The buzzing racket of a nearby lawnmower died down. We were engulfed in relaxing silence. I didn’t hear the laughter of the children anymore. A fat hummingbird fluttered next to the feeder by Mom’s quince tree, its wings vibrating like a motorized toy.
I drank more coffee. I had never lied to Paula about anything, ever. We’d always been open about our lives and our relationships, through the good and tough times. I had to be real with her now, too. Even if it meant I damaged her spirit.

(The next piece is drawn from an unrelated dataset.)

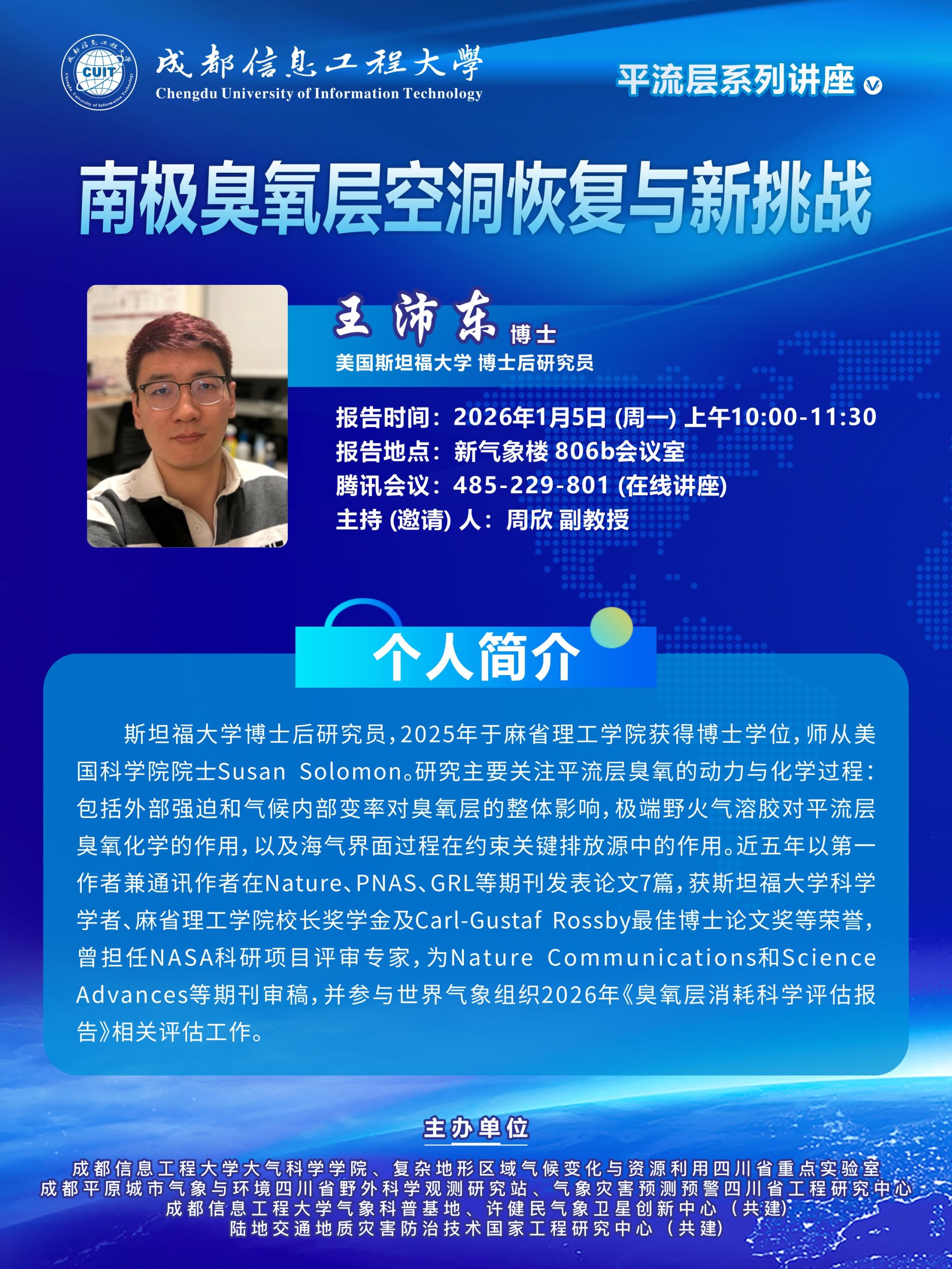 【学术讲座预告】南极臭氧层空洞恢复与新挑战

I took a deep breath, finished
my coffee, and poured another cup from the carafe. I turned to her. “Get rid of Marshall, even though I don’t blame him for your own stupidity. You’re an adult. You can make your own decisions.” I paused. “Then after, check yourself into rehab.”
She looked away, and I could tell I hurt her feelings. Tears fell down her face and glistened in the morning sun. But she held up better than I thought. She wiped her face with a finger and composed herself. Sitting up straighter in the chair, she turned to me. “We’ve always worked through the bullshit, you and me.”

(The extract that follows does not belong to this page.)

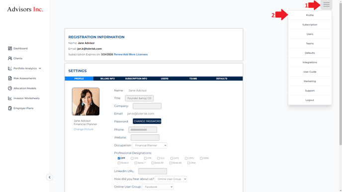 Keeping your registration and billing information up to date ensures uninterrupted access to your Tolerisk subscription. Follow the steps below to make any necessary updates.

I nodded. “Life is a mess right now.”
“I know.”
“Life. Family. Memories. Everything goes by so fast.”
She stared down into her breakfast plate, absorbed in things other than me.
“When you called me about Dad’s death, I remember the fear in your voice,” I said.
She raised her head, eyes set on mine.
“Your panic scared me,” I said.
“I was terrified of losing him.”
“I’m scared of losing you.”
Our gazes met; hers was transfixed, mine was blurred with grief.
“I’m not very good at dealing with death,” she said, her voice choking up. “Or reality.”
There was a pause in between her words.
“I don’t know how to live without Dad,” Paula said. “It’s the hardest thing.”
“Ruining yourself with drugs will not bring him back.”
“I know.”
I reached across the table for her hand. “I don’t want to lose you, too, sis.”
Chapter 30
Later that day, before the golden sun dipped beneath the distant horizon, I walked Paula home two blocks down on Steiner Street.
Her single-story home was ominous against the background of late afternoon. Overgrown shrubs and a garden gone to seed.
We stood at the front door, Paula fumbling with her keys, her hands shaky. I watched her struggle and volunteered my help.
She declined, shaking her head, and fingering the right key and sliding it into the slot. Maybe she was embarrassed from our talk that morning, but she never made eye contact with me. Strands of her hair fell across her face.